### Provided material ###

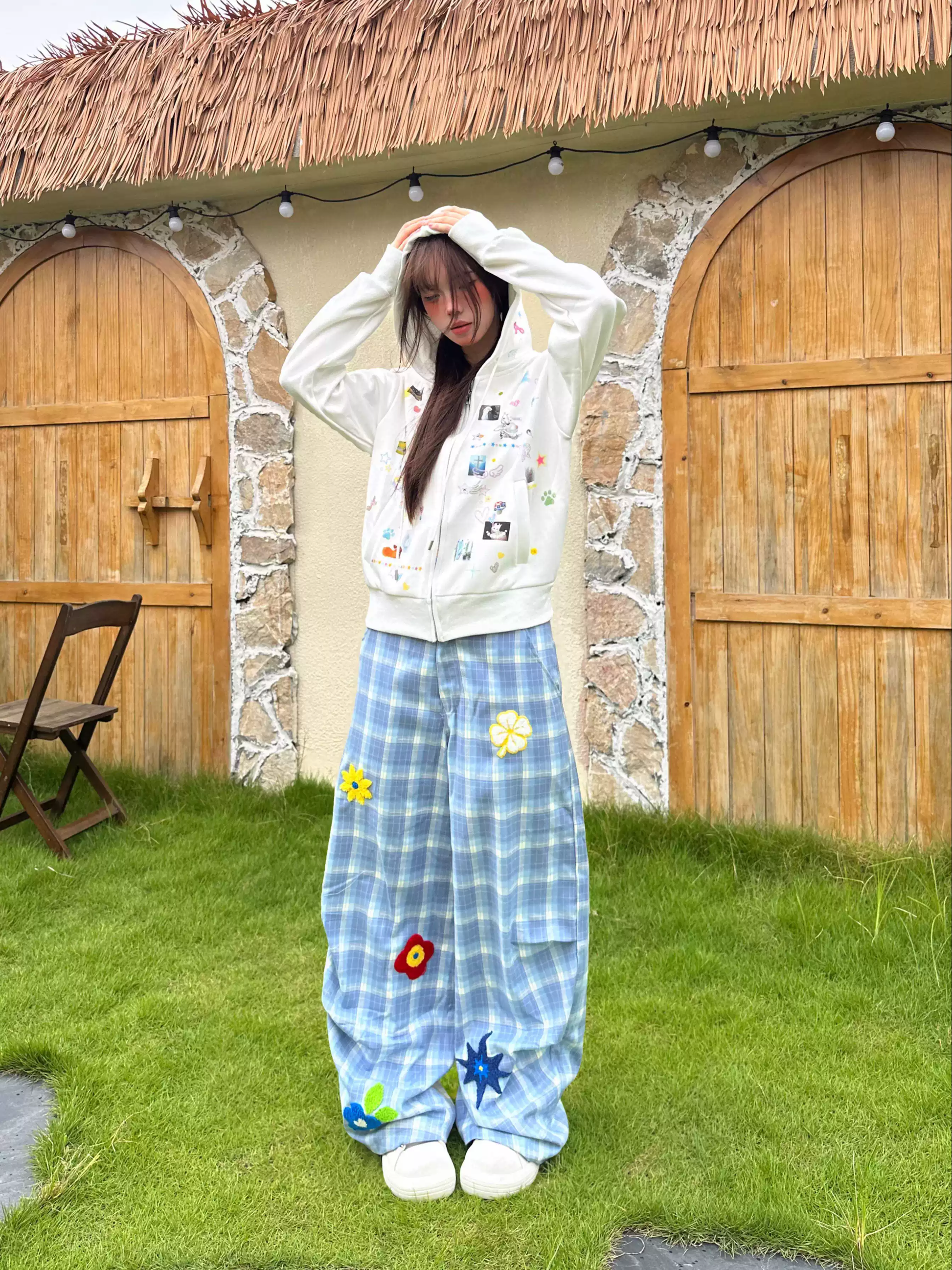 Floral Blue Check Pleated Trousers PA20256
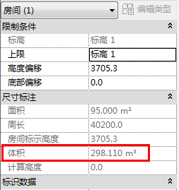5、此时“房间(1)”属性栏的“体积”即为该房间的准确体积,如图所示。
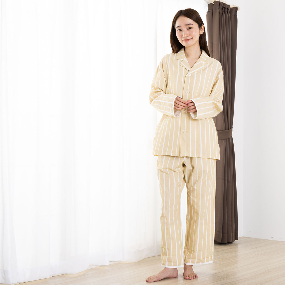 コットンと和紙で仕立てたこだわりのパジャマ上下セット。

###

Work to be completed: Transcribe the listing in full and omit the pictures.

Task result:
 Floral Blue Check Pleated Trousers PA20256
5、此时“房间(1)”属性栏的“体积”即为该房间的准确体积,如图所示。
 コットンと和紙で仕立てたこだわりのパジャマ上下セット。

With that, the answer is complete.